Der Diesel sollte wegen seines geringen Verbrauchs das Leben des Verbrennungsmotors verlängern – und damit auch Arbeitsplätze sichern, die an ihm hängen. Lässt er sich angesichts der Skandale um hohe Stickoxidwerte noch retten?
Was wir ganz schnell brauchen, ist ein Ende der Unsicherheit. Deshalb müssen Diesel der Euro-5-Norm jetzt so nachgerüstet werden, dass Euro-5-Fahrzeuge von Fahrverboten befreit werden können und die Besitzer nicht länger im Ungewissen gehalten werden.
Die Autoindustrie hat diese Möglichkeit, ihren Kunden Fahrverbote zu ersparen, aber nicht gerade begeistert angenommen. Erst hieß es, die Nachrüstung alter Autos sei nicht möglich; erst als tatsächlich Fahrverbote beschlossen wurden, ging plötzlich doch etwas.
Ich habe diese Haltung nie verstanden. Dass man beim Einbau von einem Aggregat zur Harnstoff-Nachbehandlung zurückhaltend war, konnte ich noch nachvollziehen – denn das wäre ein Riesenaufwand gewesen, den vermutlich viele Kunden nicht eingegangen wären. Dass man aber auch bei der Umstellung der Software so defensiv war, ist für mich unverständlich. Allerdings trägt nicht nur die Autoindustrie Verantwortung, sondern auch der Bundesverkehrsminister.
Warum?
Er hat sich bei dem ganzen Thema sehr schlafmützig verhalten. Von Anfang an hätte er das Signal aussenden müssen, dass die Autohersteller die Schadstoffwerte auf der Straße in Ordnung bringen müssen und dass man gemeinsam eine Lösung sucht. Die Blaue Plakette wäre eine klare Messlatte gewesen, die festlegt, wer weiter in Umweltzonen einfahren darf und wer nicht. Doch Dobrindt hat sich lieber mit der Ausländermaut beschäftigt als mit den wirklich wichtigen Themen.

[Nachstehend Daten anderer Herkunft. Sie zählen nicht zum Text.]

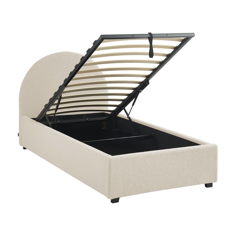 Letto a cassettone con testiera 140x200cm in bouclé grigio chiaro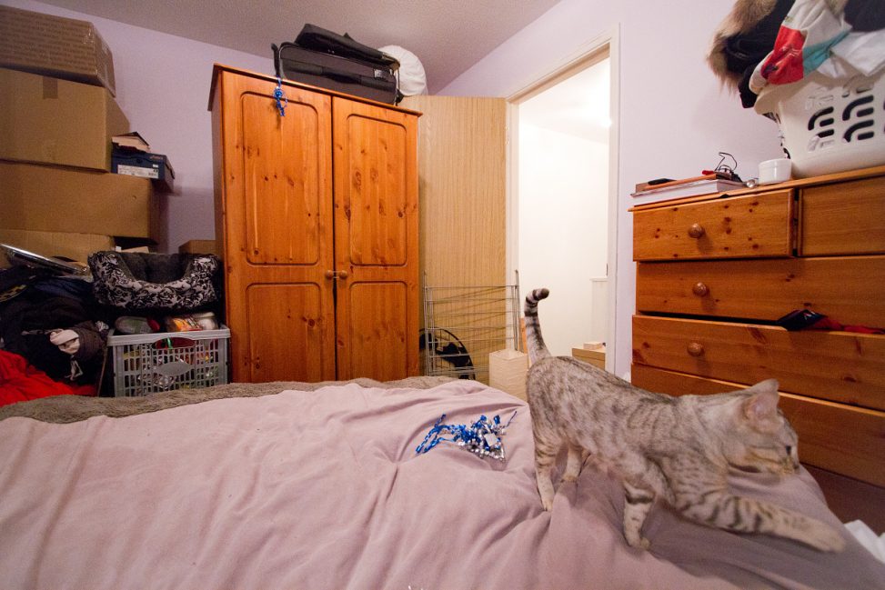 So, everything was piled out of our room into the small spare room while we decorate.
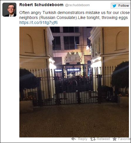 «Οργισμένοι Τούρκοι διαδηλωτές μας μπερδεύουν συχνά με τους γείτονές μας (το ρωσικό προξενείο). Όπως απόψε που πέταξαν αυγά» εναντίον μας, σχολίασε με σκωπτική διάθεση, ο γενικός πρόξενος της Ολλανδίας Ρόμπερτ Σούντεμπουμ στον λογαριασμό του στον ιστότοπο κοινωνικής δικτύωσης Twitter.
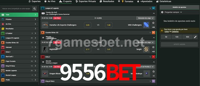 O 9556Bet oferece uma grande seleção de opções de apostas em e-sports com probabilidades competitivas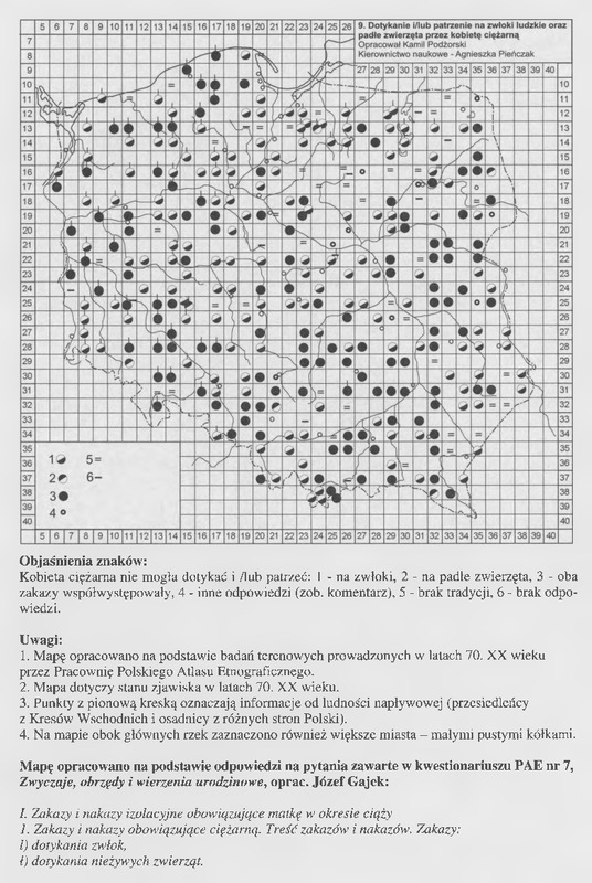 Dotykanie i/ lub patrzenie na zwłoki oraz na padłe zwierzęta przez kobietę ciężarną/ Komentarze do Polskiego Atlasu Etnograficznego (mapy)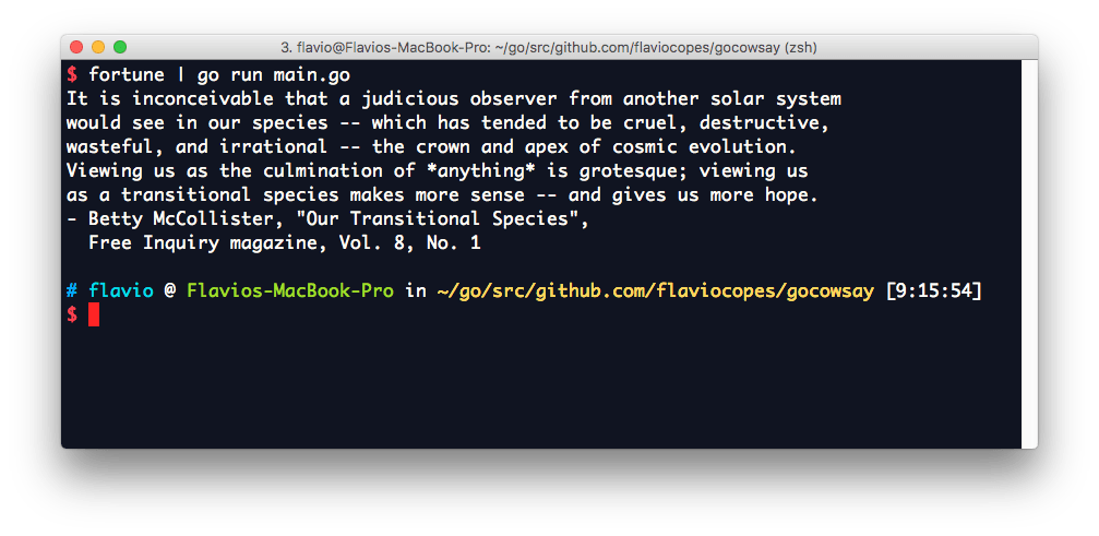 We’re missing the cow, and also we need to wrap the message into a balloon, nicely formatted.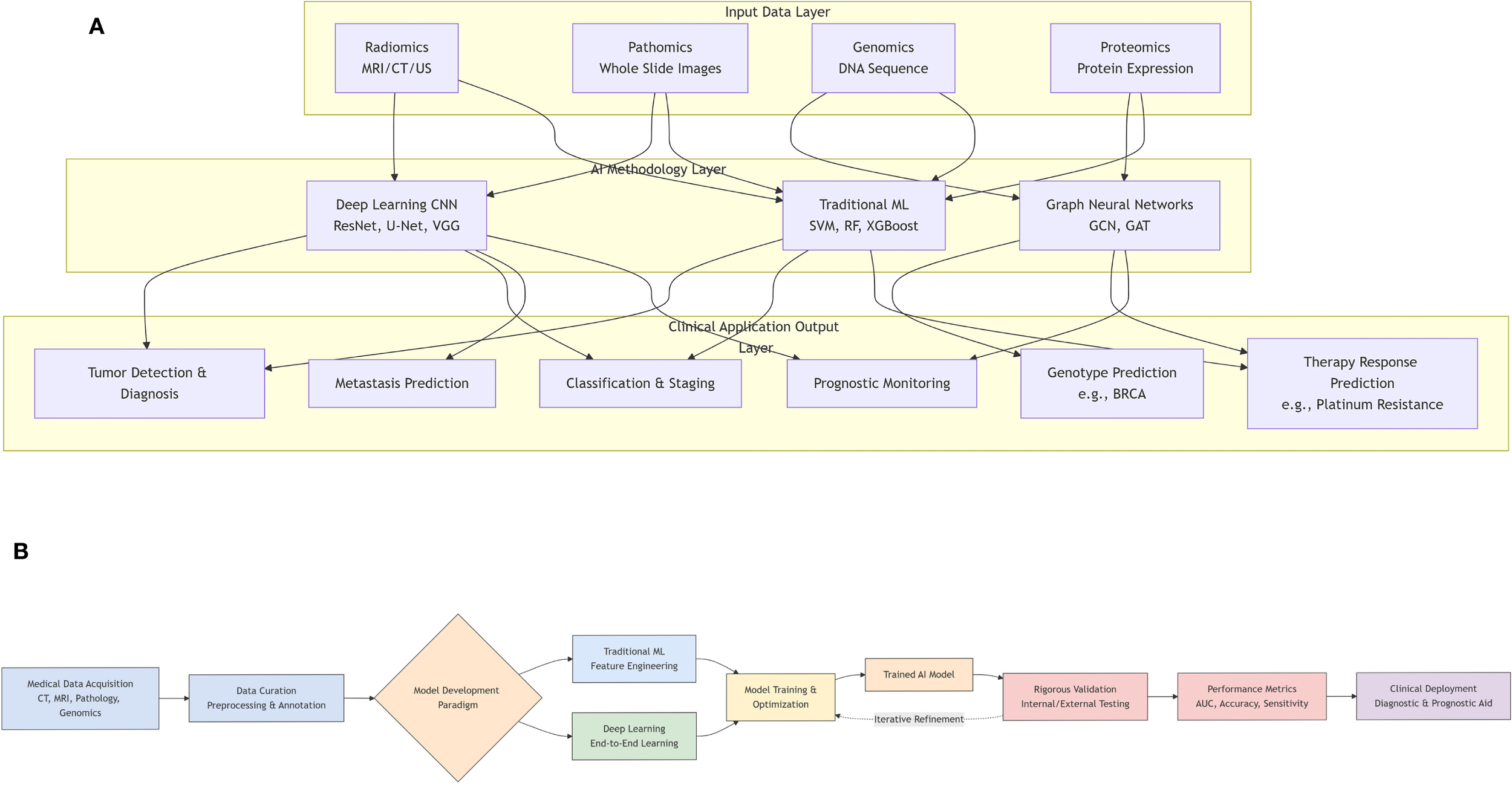 This review makes several key contributions to the field. First, it provides a comprehensive and up-to-date synthesis of the rapidly evolving application of deep learning across various imaging and omic modalities for gynecologic malignancies (Figure 2B). Second, it offers a detailed technical explanation of fundamental AI/ML/DL concepts and model architectures tailored for a clinical audience. Third, it critically examines not only the promising results but also the significant technical and clinical challenges hindering widespread clinical adoption. Finally, it discusses future directions to overcome these barriers and realize the potential of AI in improving gynecologic oncology care.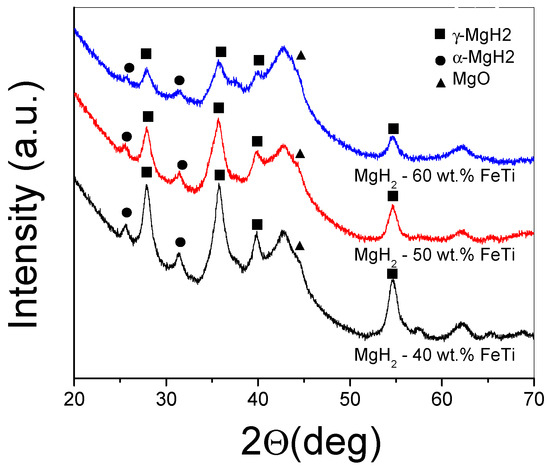 The XRD patterns of the milled MgH2-FeTi powder composites are presented in Figure 3. As one can observe from the diffractograms, each powder exhibits the reflections of tetragonal α-MgH2; however, the high-pressure metastable γ-MgH2 phase is also present as a minor component. All peaks are broader, which is indicative of extensive crystallite size reduction [32]. It is also noted that peak intensities significantly decrease in height with increasing FeTi content, and, at the same time, no Bragg peaks of any Fe-Ti phase are visible, which could correspond to a solid state amorphization of the catalyst, as can be confirmed by the broad halo developed at around 2θ = 42 deg [69]. In addition, a reflection centered at 2θ = 44 deg is present for all the powders, corresponding to the formation of some MgO.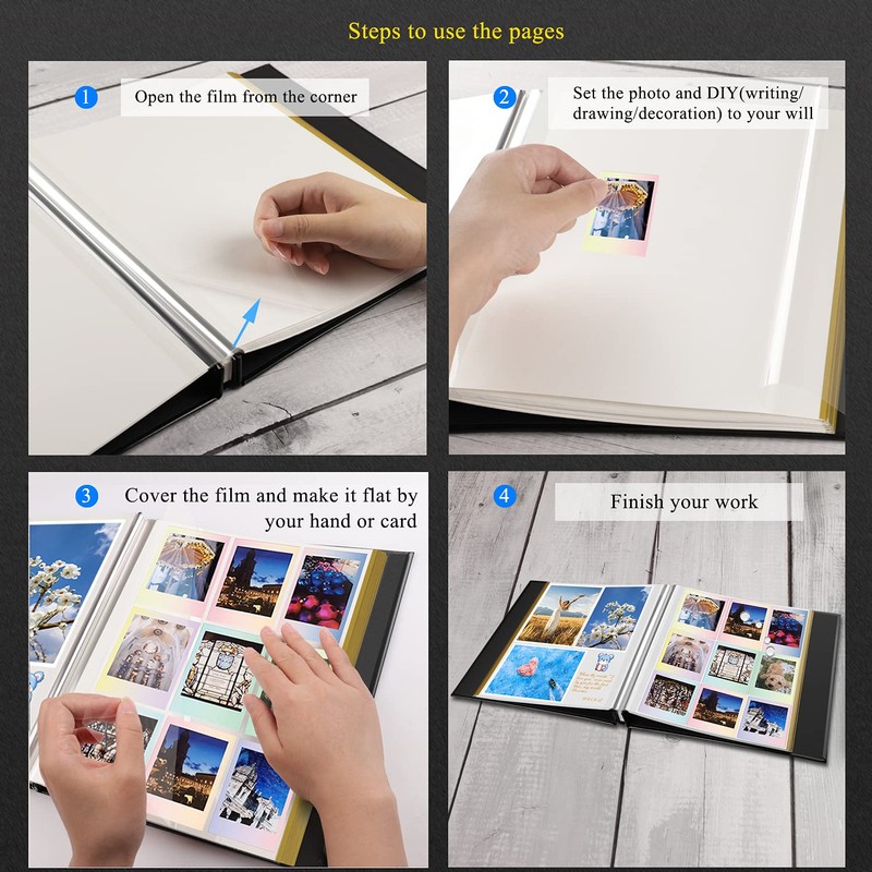 - 【GOOD ADHESION AND LONG-TERM PRESERVATION】The thickened and clear film and high quality inner sticky pages can protect photos and text well from dust, debris, and moisture. Lignin-free, acid free and PVC free. It will not fade for years, which is suitable for long term storage. No corner stickers or glue needed to place photos on the page. The adhesive is strong enough to hold the photos, but you can still reposition or remove them as needed.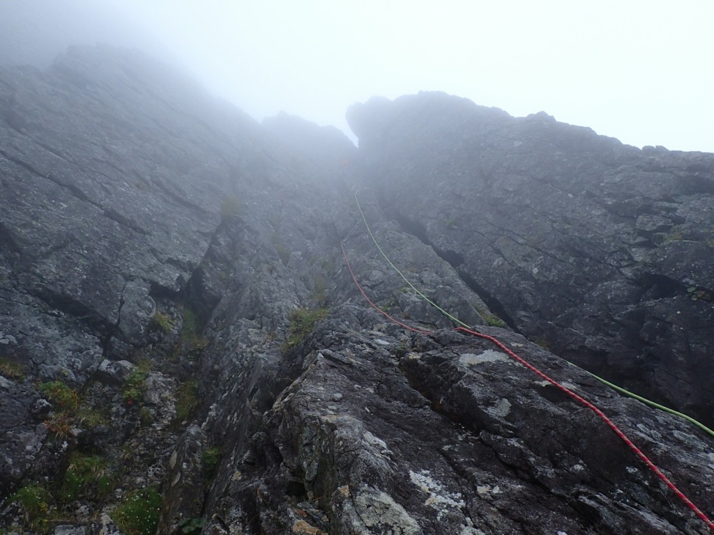 20170910_滝谷ドーム中央稜山行 投稿者: 過去文書2017/09/122020/05/07活動報告 20170910,11で滝谷ドーム中央稜をT村さん、K田君、F田で登って来ました。 初日に北穂まで上がりテント設営後、取付き点を確認し北穂の小屋でコーラで乾杯! 二日目にドーム中央稜登攀後、涸沢でカレーライス、徳沢でソフトクリームを食べて上高地まで下山のギュッと詰まった内容の山行でした。 今年は天候が安定しないので大変ですが、今回も何とかなって良かったです! 初日の涸沢は最高の景色!滝谷はガスガス!取付きを捜索中。北穂のテン場がBC1Pリード中のF田・・・ザイルの先に居るはずです!1Pの核心を超えたT村さん2PをリードするK田君・・・かすかに見えます!4Pリード中のT村さん・・・上部に白いヘルメットが見えます?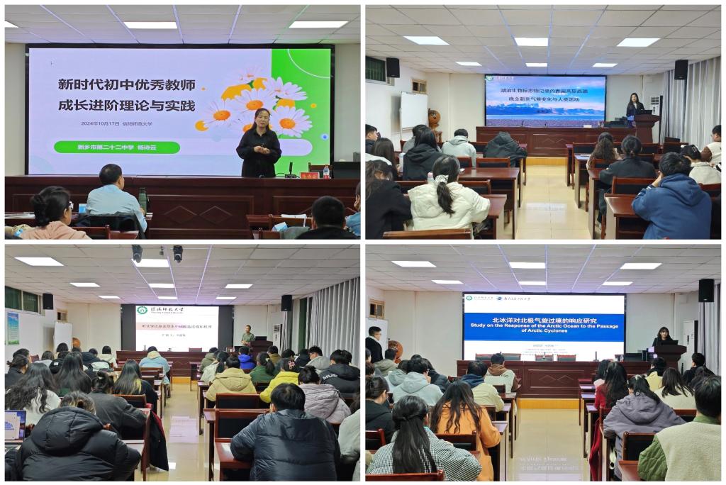 為拓寬研究生學(xué)術(shù)視野,提高研究生科研素養(yǎng),我院依托“南湖講壇”“賢嶺學(xué)術(shù)沙龍”等交流平臺,于11月24日-12月27日,分別邀請河南理工大學(xué)樊良新教授和喬旭寧教授、北京師范大學(xué)陳彬教授、華東師范大學(xué)丁金宏教授和新鄉(xiāng)市第二十二中學(xué)楊詩云副教授等校外知名專家學(xué)者以及李秀美、劉昱君、申戰(zhàn)輝、張鵬飛、李宗盟、何偉純等校內(nèi)優(yōu)秀教師在理科樓南樓410給全體研究生作學(xué)術(shù)報告。這些系列講座,涵蓋自然地理學(xué)、人文地理學(xué)、學(xué)科教學(xué)、測繪工程、環(huán)境科學(xué)與工程等學(xué)科,全面激發(fā)了我院研究生參與學(xué)術(shù)研究的熱情,開闊同學(xué)們的學(xué)術(shù)視野,對今后學(xué)術(shù)論文撰寫、專業(yè)技能提升等有極大推動作用。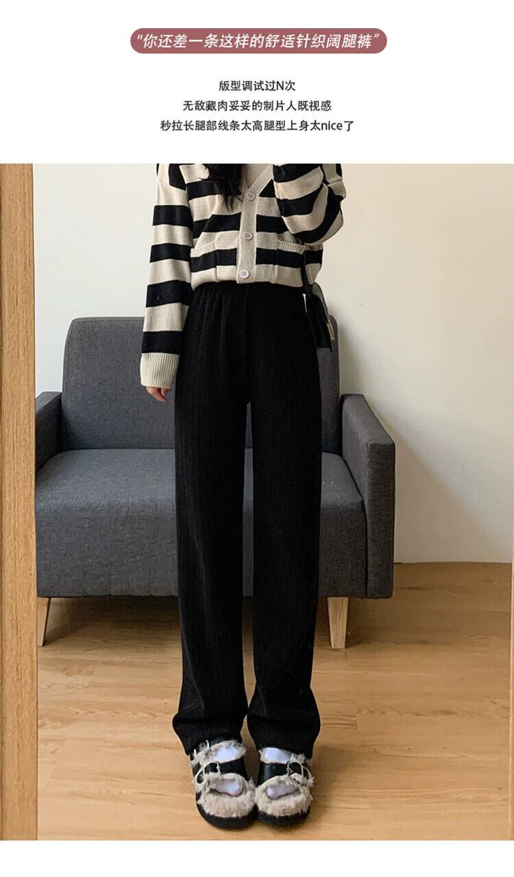 プラスサイズの婦人服 2023 流行の秋の新しいファットシスターブラックルーズストレートカジュアルパンツハイウエストスリム多目的ズボン ハイウェスト 大きめサイズ オータム 秋物 8884173971853465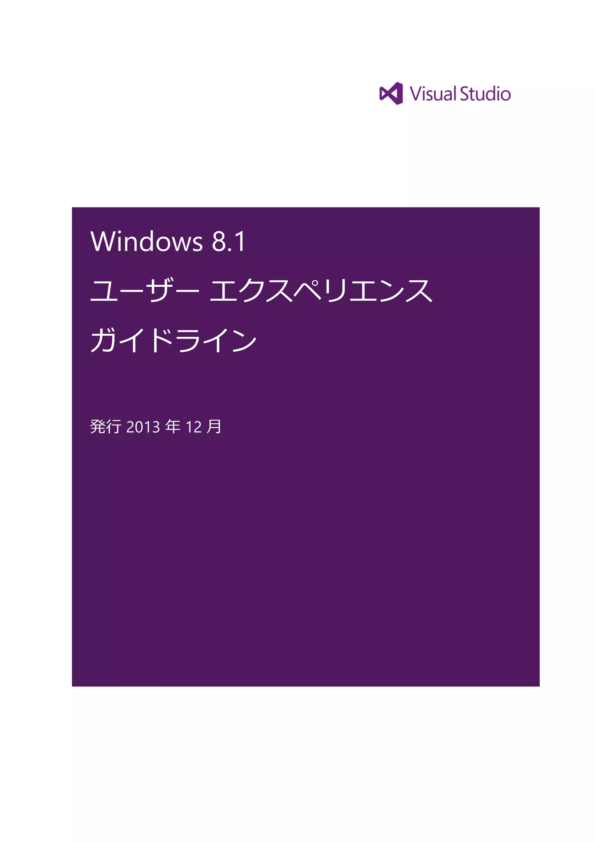 Windows 8.1における利用シーンを想定し、ユーザーにとって親しみやすく、便利で楽しいアプリケーションをデザインするためのガイドラインです。Windows 8.1で提供されている機能の望ましい使い方、注意点、推奨されない使い方などが詳細に解説されています。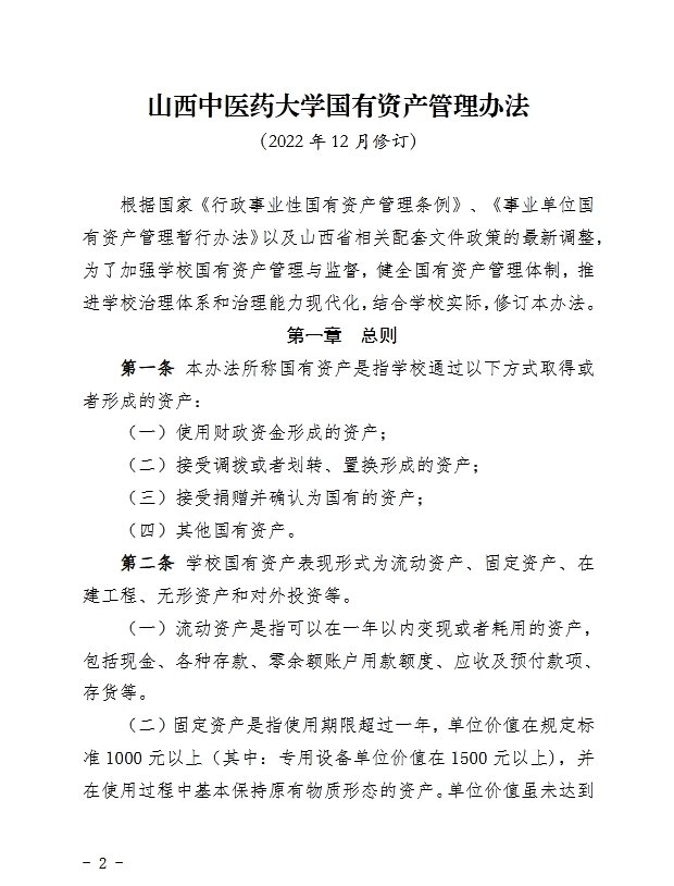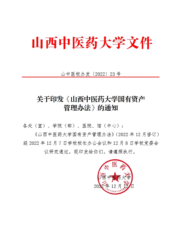 [山中医校办发〔2022〕23号]关于印发《山西中医药大学国有资产管理办法》的通知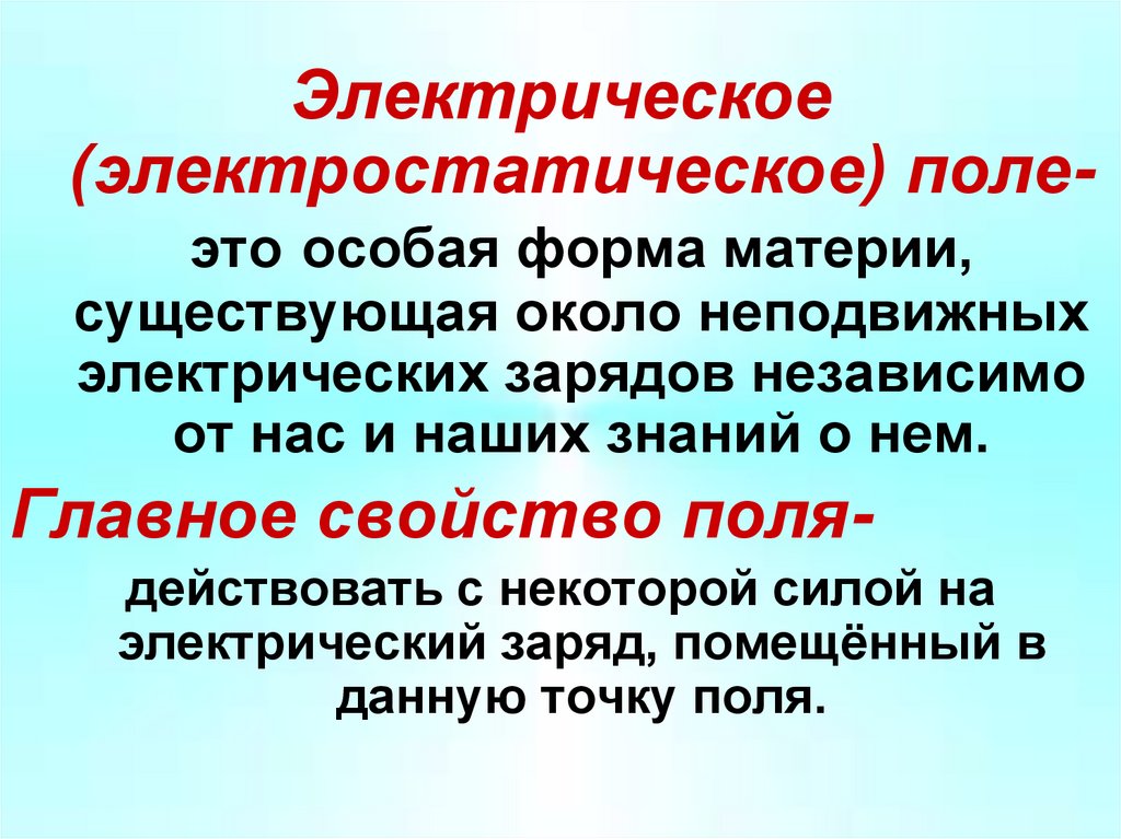 • Напряжённость поля равна отношениюсилы Кулона, с которой поле действует на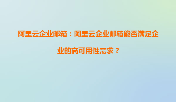 阿里云企業(yè)郵箱:哪些技術(shù)保障阿里云企業(yè)郵箱的高可用性? 引言 在數(shù)字化時(shí)代,企業(yè)郵箱不僅是溝通工具,更是企業(yè)形象和業(yè)務(wù)連續(xù)性的重要保障。阿里云企業(yè)郵箱憑借其強(qiáng)大的技術(shù)實(shí)力和豐富的實(shí)踐經(jīng)驗(yàn),成為

Beschleunigt die Diesel-Debatte den Wandel in Richtung Elektromobilität?
Sie verleiht diesem Wandel zwar zusätzlichen Schwung, doch ich warne vor dem Glauben, dass morgen alle Welt mit dem Elektroauto fahren wird, denn dazu gehören nicht nur die Fahrzeuge, sondern auch der Ausbau der Lademöglichkeiten. Wenn man sieht, wie verhalten der Ausbau der Infrastruktur beim schnellen Internet bisher läuft, habe ich Zweifel, dass der Ausbau der Infrastruktur fürs schnelle Laden zügig genug gelingt. Die Autos werden kommen, doch die Lademöglichkeiten können für den Start der Elektromobilität noch zum Hemmschuh werden.